When we write in high-level languages, we’re abstracted away from what the machin is actually seeing. But underneath every Python script, every Java application, and every C program lies assembly language - the last human-readable layer before raw machine code.

I’m not here to discuss the process of compilation and such in great detail, there are plenty of great courses on that, but rather discuss something else. Confusingly when everyone discusses Assembly in passing they typically talk about it it the same way we talk about C, though as I learnt through doing “Assembly” (ARM) at University, “Assembly” (x86/x64) for a personal project, and “Assembly” (MIPS) in industry, Assembly is more of a class of “languages” than a single language in itself

I’d like to explore the three dominant assembly language architectures: MIPS, ARM, and x86. Each represents a different philosophy in processor design, shaped by decades of evolution and vastly different design goals. By looking how each architecture approaches the same fundamental operations, we can better understand not just how processors work, but why they work the way they do.

The Three Architectures

Let’s begin by getting a quick intro to the three contenders.

MIPS: The Academic Standard

MIPS represents RISC design in its purest form. Developed in the early 1980s at Stanford University, MIPS (Microprocessor without Interlocked Pipelined Stages) prioritizes simplicity and orthogonality. Every instruction is exactly 32 bits long, and the instruction set is remarkably regular - there are very few special cases to remember.

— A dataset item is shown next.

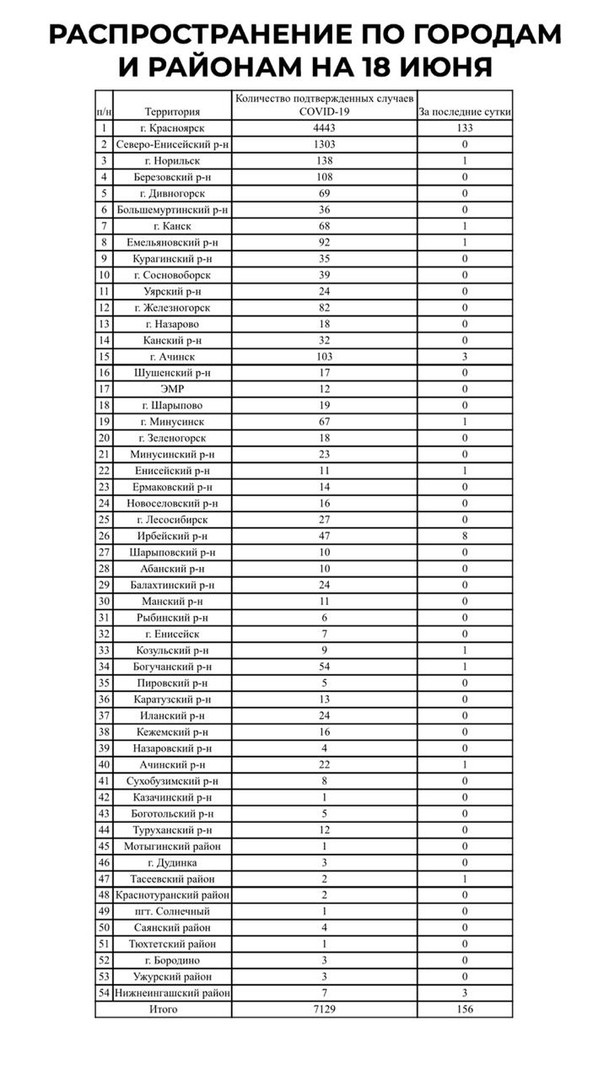 По данным регионального управления Роспотребнадзора на 18 июня, в Красноярском крае зарегистрировано 7 129 лабораторно подтверждённых случаев заболевания COVID-19 на 54 территориях края, в том числе за последние сутки зарегистрировано 156 случаев заболевания.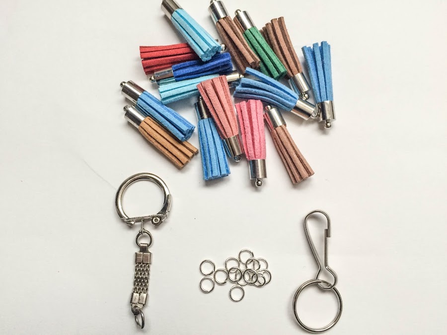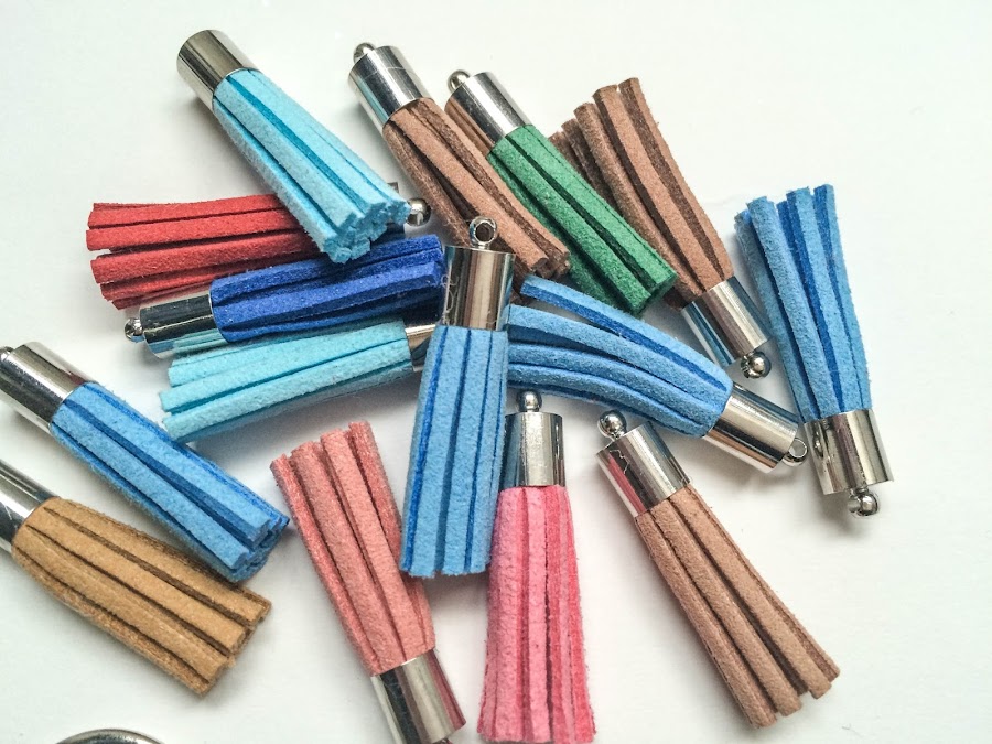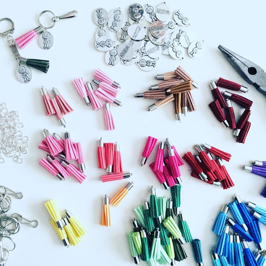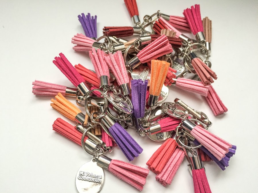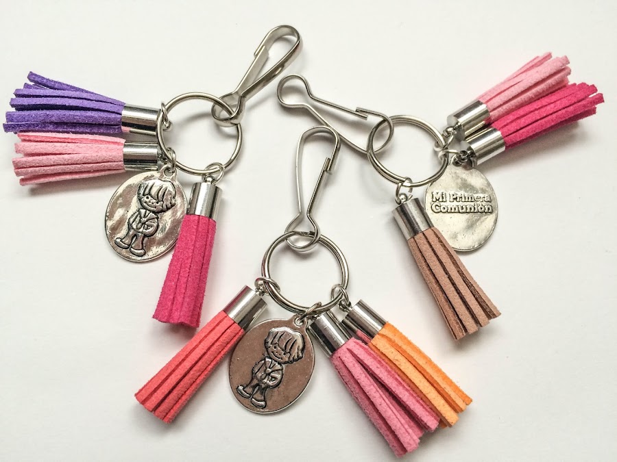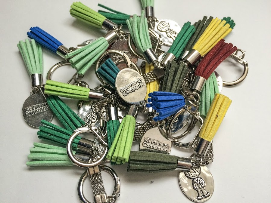 Además, borlas de cuero de múltiples colores y arandelas para enganchar tanto las borlas como las medallitas.

This consistency makes MIPS particularly valuable for education. When you’re learning how pipelining works or understanding hazards, MIPS’s transparency helps you see exactly what’s happening at each stage.

ARM: Efficiency Through Evolution

ARM began at Acorn Computers in the 1980s, but its modern incarnation - particularly the 64-bit AArch64 we’ll focus on - represents decades of refinement. ARM processors dominate mobile devices and are making significant progress into the server market.

What makes ARM interesting is how it balances RISC principles with practical optimizations. While maintaining fixed-length instructions and a load-store architecture, ARM includes features like sophisticated addressing modes and a barrel shifter that can transform operands on the fly. The architecture manages to be both simple and efficient - a difficult balance to strike.

x86: The Survivor

The x86 architecture tells a different story - one of evolution through accretion. Starting with Intel’s 8086 in 1978, x86 has grown through successive extensions: 16-bit to 32-bit (386) to 64-bit (x86-64/AMD64). It’s a CISC architecture, meaning single instructions can perform complex operations.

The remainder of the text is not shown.